I’m going to try to keep it not too, too technical, but I think it’s important to understand that something huge happened, and there’s a reason why, and this will have implications on the future of cryptocurrency. And before I get into this, you know, unfortunately, a lot of folks lost a lot of money, and that is just a terrible thing.
It is not something to be taken lightly, but it is something that we can learn from as we go forward. And that’s what I’m going to hope to do today. So, with that said, let’s start. What is UST? What happened with Terra and Luna? So, for those who are unfamiliar, programmer and entrepreneur, Do Kwan, who’s educated at Stanford, founded Terra…Terraform Labs, rather, back in 2018 in Seoul, South Korea.
And it was a ambitious blockchain project that would have tokens associated with it and that would really serve to be a development platform for DeFi projects and products as well as stablecoins, not just pegged to the U.S. dollar, but pegged to multiple currencies around the world.
And this project was different in that it didn’t have a proof of work, it had a proof of stake.
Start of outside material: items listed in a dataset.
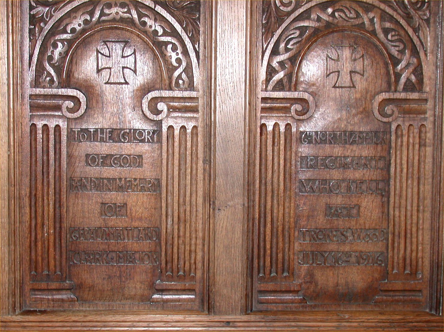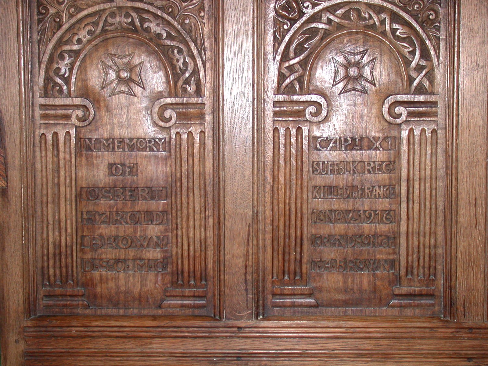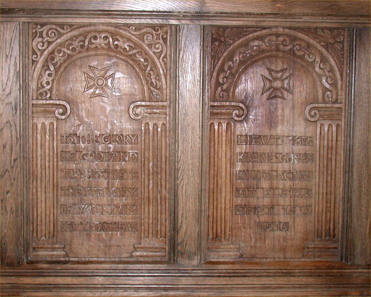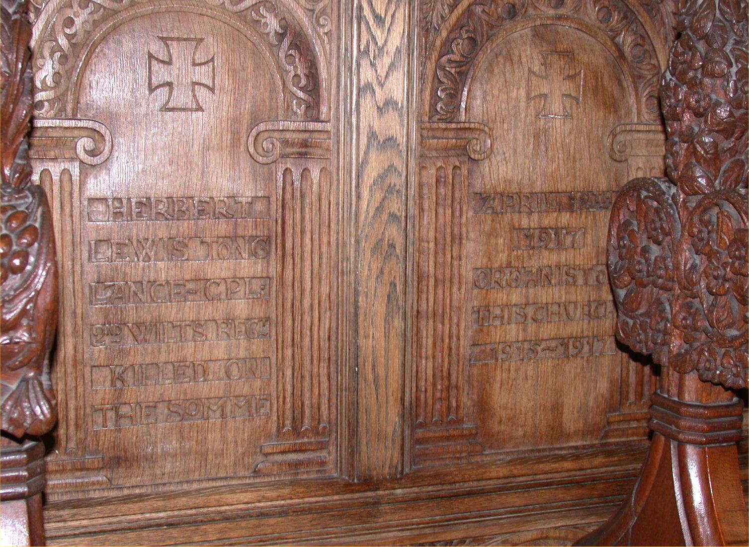 Names on the panels of the screen on wall to left of altar.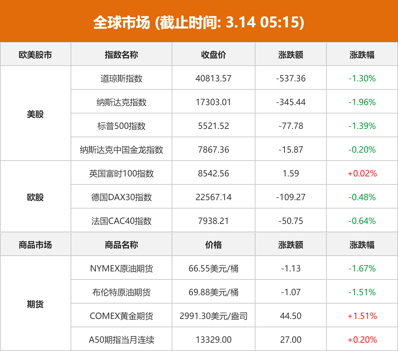 美股市场:受美国总统特朗普、商务部长卢特尼克、财政部长贝森特连番表态冲击市场情绪的影响,美股三大指数13日下跌,跌幅均超1%。截止当天收盘,道琼斯工业平均指数比前一交易日下跌537.36点,收于40813.57点,跌幅为1.30%;标准普尔500种股票指数下跌77.78点,收于5521.52点,跌幅为1.39%;纳斯达克综合指数下跌345.44点,收于17303.01点,跌幅为1.96%。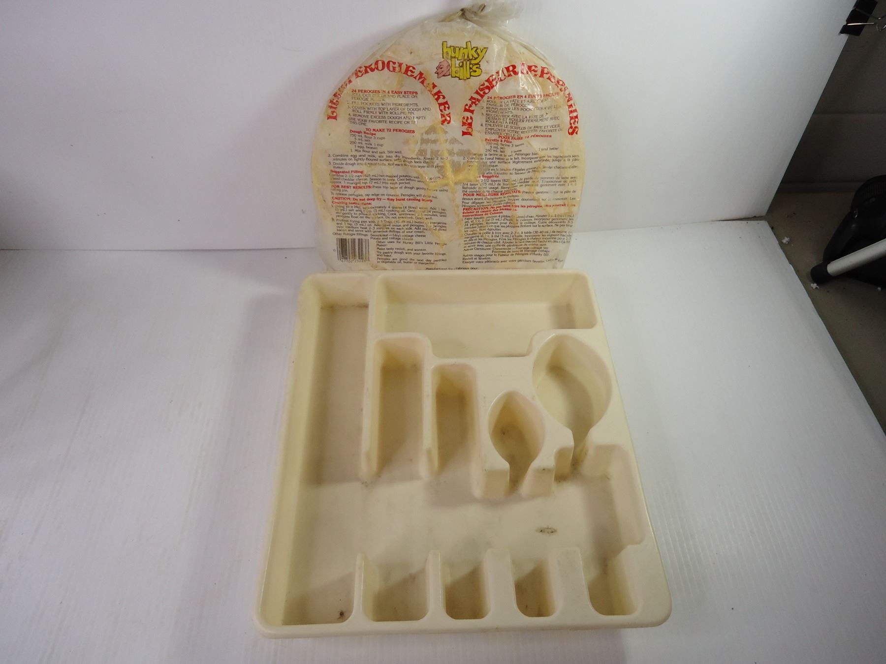 (2) Drawer Storage container, Rubbermaid Jug, Perogiemaker, Flatware Storage,(2) Storage Containers,

So, it was, again, attempting to deal with some of the inefficiencies and issues of scale that some of the other projects have, like when we talk about Ethereum blockchain, for example.
And that was the idea. So, Do Kwan himself, kind of looking over here, he’s… Here’s the headline from The New York Times, “How a trash-talking crypto founder caused a $40 billion crash.” And trash-talking is, I think, an apt way to describe him. He’s very active on social media and Twitter, specifically, constantly talking about his project, how it’s going to the moon, all of the great things they’re doing, and really being that cheerleader for what they were doing.
And he was quite successful with it. You know, when you look at Terra, the platform, actually, the market capitalization, and this was as of March, had a market capitalization theoretically of about $34 billion. So, really, and one of the largest stablecoins out there, top five.
So, a tremendous amount of capital had flowed into this project and into Terra and Luna, and really, they were on top of the world in a lot of ways. So, what happened? Well, going through here, we look at what happened and really why their ecosystem is what it is.
So, TerraUSD was risky even by the standards of experimental crypto technology. So, unlike the popular stablecoin that you may be familiar with, Tether, it is not backed by cash, or fully collateralized, or treasuries, or other traditional assets. It actually derived its stability or suppose its stability from algorithms that linked its value to Luna, which is another cryptocurrency.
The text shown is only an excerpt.